Problem description
Pictures do not belong in the copy; restate the records below word for word.

Records to process
-------------------------

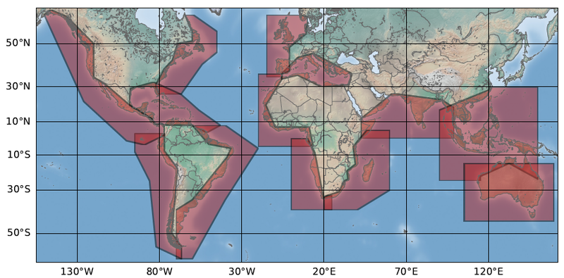 Reprocessed altimeter 10-day Sea Level Anomalies have been computed in all the coastal regions illustrated below.
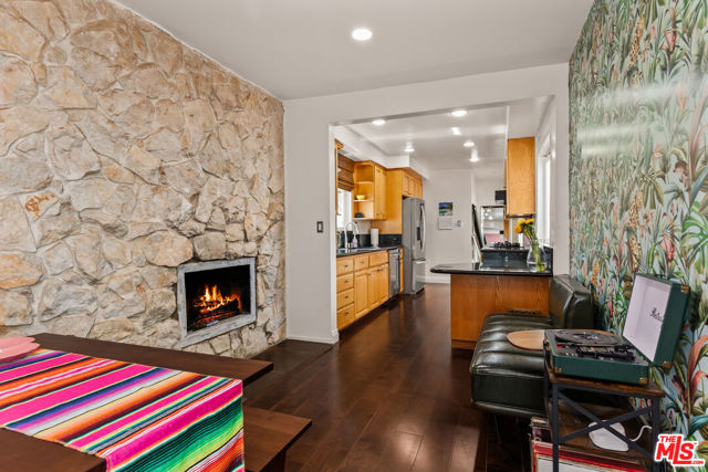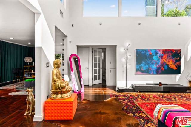 Welcome home to this stunning Mid-Century Modern retreat, perfectly situated south of the Boulevard! Step through the custom double doors into a breathtaking atrium featuring soaring 14-foot ceilings an ideal space for entertaining. Flooded with natural light, this impressive room showcases 36-inch-high double-pane windows, multiple skylights, and a dazzling Swarovski crystal chandelier.Behind you, the private primary suite offers a custom walk-through closet and a luxurious en-suite bath. The chef's kitchen boasts granite countertops, double wall ovens, stainless steel appliances, and a breakfast bar, seamlessly connecting to a cozy sitting area with a gas ice-stacked stone fireplace.Down the hall, you'll find two inviting guest bedrooms, perfect for family or visitors. Step outside to your own private oasis a large sparkling pool surrounded by terraced landscaping, a covered patio ideal for lounging or morning coffee, and an upper hilltop deck with sweeping city light and treetop views.Additional highlights include a spacious driveway, a two-car attached garage with a Tesla charger, and proximity to popular shops, restaurants, Whole Foods, Trader Joe's, Ventura Boulevard, and the 101 freeway.Experience the best of Woodland Hills living in this exceptional Mid-Century Modern masterpiece!
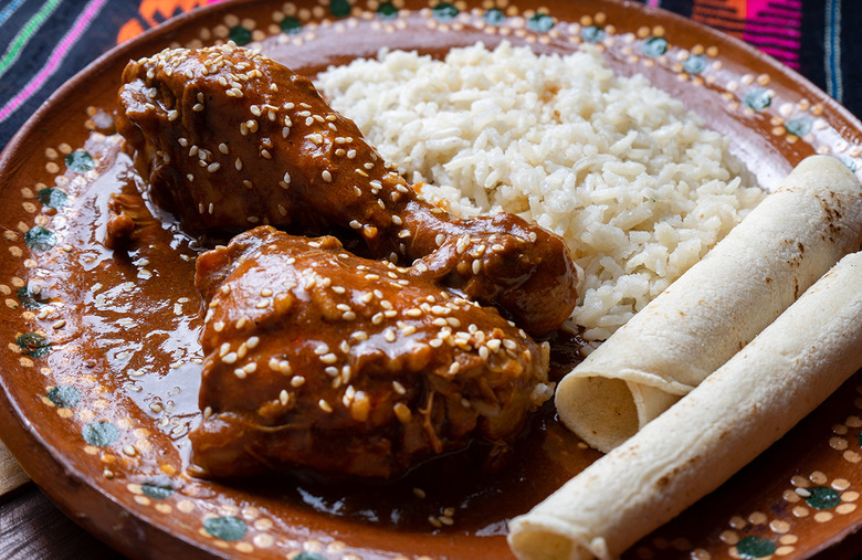Mole is a thick, spicy sauce that is usually served with chicken, turkey, pork and other kinds of meats. This sauce is made with chili peppers you may find in some of the world's spiciest hot sauces, chocolate and other condiments mixed together. The word derives from "molli," which means sauce in the spoken language of the Aztecs. Many people associate this sauce with Puebla, Mexico, but each state in Mexico has its own version. There are multiple stories about how this spicy sauce came to be. One legend is that in the 17th century, a nun threw together all the ingredients she had on hand when she had an unexpected visit from the Archbishop of Puebla and the Viceroy of New Spain.
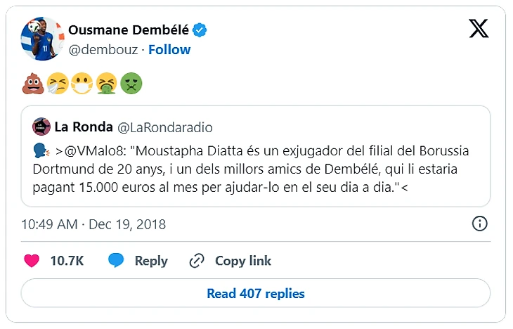 В ответ на это Дембеле выдал серию презрительных эмодзи в твиттере.
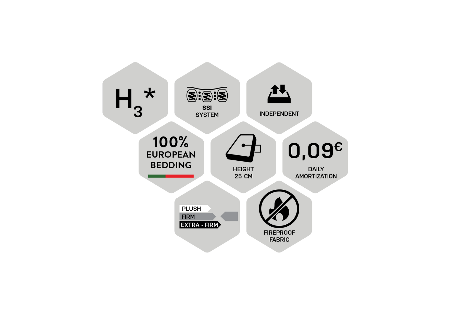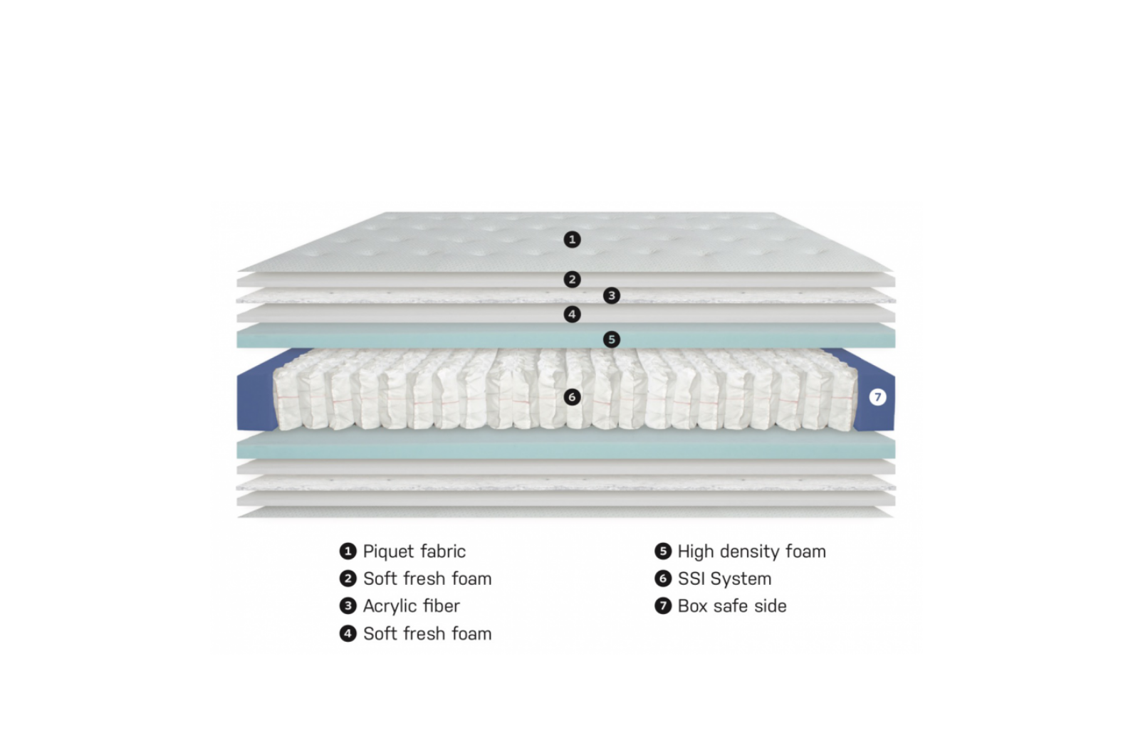 Sistema SSI, de molas ensacadas, de suspensão ponto por ponto. Totalmente independente. Permite a ventilação interna. Espumas adaptáveis e resistentes. Grau médio de conforto. Firmeza intermediária (estrutura). Sistema de Caixa de Segurança, que garante que toda a área de superfície seja útil.
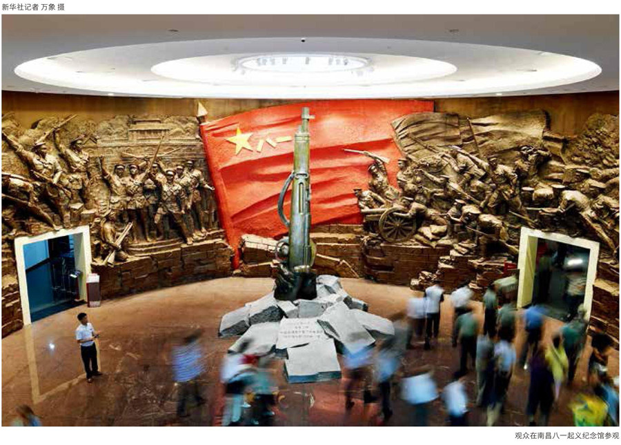 江西省南昌市中山路380号,南昌八一起义纪念馆坐落于此。在纪念馆序厅,墙上最突出位置刻印着两段红色文字,吸引人们纷纷驻足凝眸。 这是2017年8月1日,中共中央总书记、国家主席、中央军委主席习近平在庆祝中国人民解放军建军90周年大会上发表的重要讲话:“1927年8月1日,南昌城头一声枪响,拉开了我们党武装反抗国民党反动派的大幕。这是中国共产党历史上的一个伟大事件,是中国革命史上的一个伟大事件,也
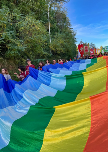La marcia della pace PerugiAssisi è  coloratissima e partecipatissima come mai  e si snoda  con in testa lo striscione “Fraternità”.

-------------------------

Answer area
 Reprocessed altimeter 10-day Sea Level Anomalies have been computed in all the coastal regions illustrated below.
 Welcome home to this stunning Mid-Century Modern retreat, perfectly situated south of the Boulevard! Step through the custom double doors into a breathtaking atrium featuring soaring 14-foot ceilings an ideal space for entertaining. Flooded with natural light, this impressive room showcases 36-inch-high double-pane windows, multiple skylights, and a dazzling Swarovski crystal chandelier.Behind you, the private primary suite offers a custom walk-through closet and a luxurious en-suite bath. The chef's kitchen boasts granite countertops, double wall ovens, stainless steel appliances, and a breakfast bar, seamlessly connecting to a cozy sitting area with a gas ice-stacked stone fireplace.Down the hall, you'll find two inviting guest bedrooms, perfect for family or visitors. Step outside to your own private oasis a large sparkling pool surrounded by terraced landscaping, a covered patio ideal for lounging or morning coffee, and an upper hilltop deck with sweeping city light and treetop views.Additional highlights include a spacious driveway, a two-car attached garage with a Tesla charger, and proximity to popular shops, restaurants, Whole Foods, Trader Joe's, Ventura Boulevard, and the 101 freeway.Experience the best of Woodland Hills living in this exceptional Mid-Century Modern masterpiece!
Mole is a thick, spicy sauce that is usually served with chicken, turkey, pork and other kinds of meats. This sauce is made with chili peppers you may find in some of the world's spiciest hot sauces, chocolate and other condiments mixed together. The word derives from "molli," which means sauce in the spoken language of the Aztecs. Many people associate this sauce with Puebla, Mexico, but each state in Mexico has its own version. There are multiple stories about how this spicy sauce came to be. One legend is that in the 17th century, a nun threw together all the ingredients she had on hand when she had an unexpected visit from the Archbishop of Puebla and the Viceroy of New Spain.
 В ответ на это Дембеле выдал серию презрительных эмодзи в твиттере.
 Sistema SSI, de molas ensacadas, de suspensão ponto por ponto. Totalmente independente. Permite a ventilação interna. Espumas adaptáveis e resistentes. Grau médio de conforto. Firmeza intermediária (estrutura). Sistema de Caixa de Segurança, que garante que toda a área de superfície seja útil.
 江西省南昌市中山路380号,南昌八一起义纪念馆坐落于此。在纪念馆序厅,墙上最突出位置刻印着两段红色文字,吸引人们纷纷驻足凝眸。 这是2017年8月1日,中共中央总书记、国家主席、中央军委主席习近平在庆祝中国人民解放军建军90周年大会上发表的重要讲话:“1927年8月1日,南昌城头一声枪响,拉开了我们党武装反抗国民党反动派的大幕。这是中国共产党历史上的一个伟大事件,是中国革命史上的一个伟大事件,也
La marcia della pace PerugiAssisi è  coloratissima e partecipatissima come mai  e si snoda  con in testa lo striscione “Fraternità”.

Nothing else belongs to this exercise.